Perhaps cruelly I asked him how he felt now about those “Bob Mellish” days.
I was referring to 1983 when Tatchell, on course for a parliamentary career, stood for Bob Mellish’s safe Labour seat in Bermondsey.
But his hopes of a victory were crushed by a rancorous smear campaign run by the tabloids suggesting he was a homosexual – a taboo lifestyle in the 1980s. His Lib-Dem opponent, Simon Hughes, sniped from the sidelines, and grabbed the seat.

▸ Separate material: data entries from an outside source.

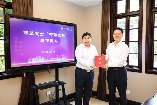 校长丁晓东为陈坚院士颁发聘书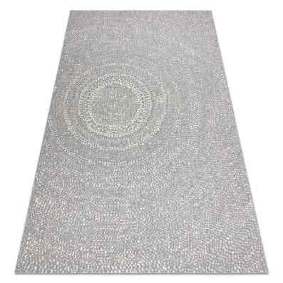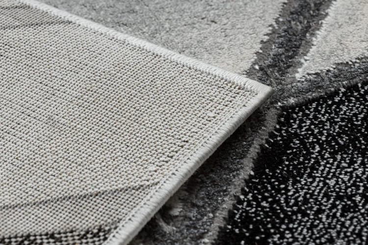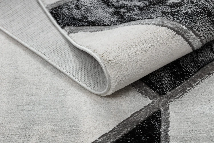 Szary dywan z geometrycznym wzorem marmurkowym, który doda salonowi nowoczesny charakter i elegancki akcent.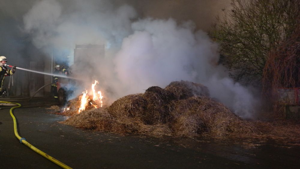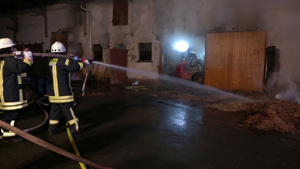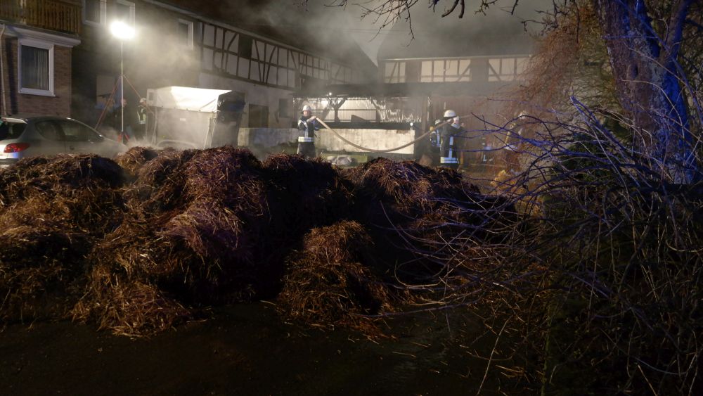 Mit rund 80 Einsatzkräften hat die Feuerwehr den Brand unter Kontrolle gebracht, ohne dass sich ein Großbrand entwickelte. Nach ersten Löschmaßnahmen konnte die Feuerwehr Korbach mit einem Radlader brennende Heuballen aus dem Gebäude holen und gezielt ablöschen. Die Nachlöscharbeiten dauerten jedoch bis in die frühen Morgenstunden. Wie es zu dem Brand kommen konnte und ob möglicherweise ein Feuerwerkskörper für den Brand verantwortlich ist, war noch nicht zu erfahren, verletzt wurde niemand. Die Polizei hat noch in der Nacht die Ermittlungen aufgenommen.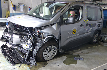 Przedział pasażerski Riftera pozostał stabilny w próbach zderzenia czołowego. Odczyty z manekinów wykazały dobrą ochronę kolan i ud kierowcy oraz pasażera. Peugeot pokazał, że podobny poziom ochrony będzie zapewniony pasażerów o odmiennej posturze, siedzących w różnych pozycjach. W próbie zderzenia ze sztywną barierą na pełnej szerokości, ochrona manekina kierowcy była mierna dla klatki piersiowej i szyi oraz dobra dla pozostałych krytycznych obszarów ciała. Ochrona tylnego pasażera była dobra lub dostateczna. W próbie bocznego zderzenia z barierą, ochrona wszystkich krytycznych obszarów ciała była dobra i Rifter zdobył maksymalną ilość punktów. Nawet w bardziej wymagającej próbie bocznego zderzenia z słupem, ochrona klatki piersiowej była dostateczna, a pozostałych krytycznych obszarów ciała dobra. Próby przeprowadzone na przednich siedzeniach i zagłówkach wykazały dobrą ochronę przeciwko urazom kręgosłupa szyjnego w przypadku uderzenia w tył pojazdu. Geometryczna ocena tylnych siedzeń, również wykazała dobrą ochronę kręgosłupa szyjnego. Będący standardowym wyposażeniem, autonomiczny system hamowania awaryjnego (AEB), wykazał się dobrą skutecznością działania w próbach przeprowadzonych przy niskich prędkościach, typowych dla ruchu miejskiego, gdzie często dochodzi do urazów kręgosłupa szyjnego.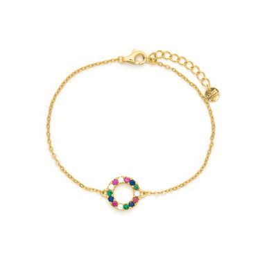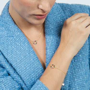 Pulsera Machi de Plata de Ley 925 y Circonita Multicolor acabado oro amarillo de 18 quilates.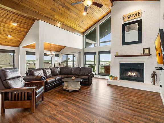 Welcome to this Waterfront Stunner! 3-bed, 2.5-bath home located on Lake Conroe. This property offers breathtaking views of the lake & Margaritaville. The home features a private in-ground POOL and two expansive patios, perfect for entertaining or relaxing while taking in the lake air. The enclosed porch adds additional outdoor living space, BOAT SLIP ensures easy access for boating or water activities. The downstairs level includes a cozy sitting area/GAME ROOM w/ a second fireplace, providing an ideal space for family gatherings. Upstairs, a BUNK ROOM over the garage offers extra sleeping space for guests or an ideal hideaway for kids. Recent updates include NEW ROOF, FENCE, vinyl plank WOOD FLOORING, FRESH PAINT inside & out. The primary bath has been beautifully remodeled, & the pool pump was recently replaced. Situated on a LARGE LOT, provides ample space both inside & out, making it a perfect lakefront retreat for entertaining, relaxing, or enjoying the beauty of Lake Conroe.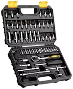 Das DEKO Tools DKMT53 Set enthält 53 Werkzeuge, die Sie zum Beispiel bei der Reparatur Ihres Autos nützlich finden. Sie sind perfekt für die Garage oder Werkstatt. Im Paket finden Sie unter anderem nützliche Steckschlüssel, Inbusschlüssel und Bits, sowie Ratsche 1/4" mit 72 Zähnen. Alle Elemente des Sets bestehen aus strapazierfähigen, schadensfesten Materialien. Die Werkzeuge sind zur einfachen Aufbewahrung und zum Transport in einem praktischen Koffer verpackt.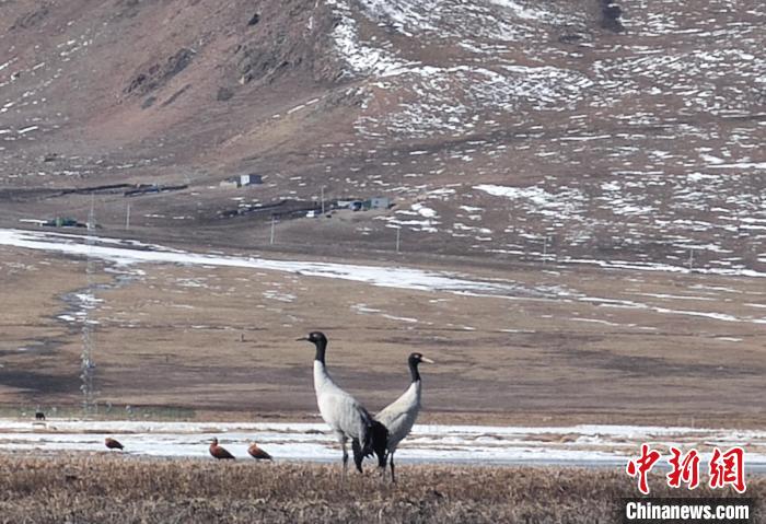 25日,今年首批黑頸鶴如約來(lái)到青海玉樹(shù)藏族自治州隆寶灘國(guó)際重要濕地。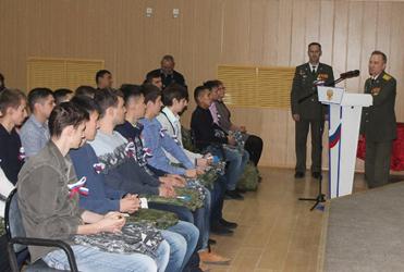 С поздравительной речью к призывникам обратился временно исполняющий обязанности военного комиссара города Байконур Владимир Садчиков, который не только поздравил призывников с таким важным событием, но и вручил родителям призывников благодарственные письма за достойное воспитание сыновей.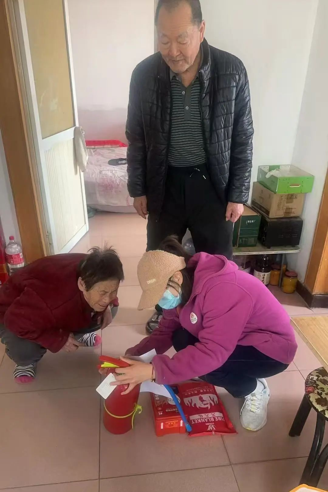 社区工作人员深知,老人们年纪大了,在应对火灾等突发情况时可能会面临更多的困难。因此,为了让老人们能够正确使用消防三件套,社区专门逐户上门为老人进行讲解和演示。每到一户老人家中,都会耐心细致地向老人介绍灭火器、灭火毯和自救呼吸器的功能和使用方法。“大爷,您看这个灭火器,遇到小火情时,拔掉保险销,对准火源根部按压把手就行。”“奶奶,这个是自救呼吸器,发生火灾时戴上头罩拉紧头罩的系带,低姿选择正确逃生路线迅速撤离。”

He then rose higher and higher, while Tatchell’s career sank.
Well, did he still think of those days?
“That’s all forgotten now,” said Tatchell, obviously a saintly, forgiving man!
On Friday, Tatchell gave a talk at Camden Girls’ School on the Pope’s visit.
Viewers of his documentary on C4 on Tuesday would know he thinks the Pope has covered up child abuse crimes by Catholic priests in Europe and the US.
But I thought he probably went too far when he described how the Pope had “form” in covering up the past.
Surely, I asked him, the word “form” has a connotation of criminality – hadn’t he gone too far?
He pulled a face as if to say that is how he felt about the Pope.
Tatchell isn’t known nowadays to pull his punches.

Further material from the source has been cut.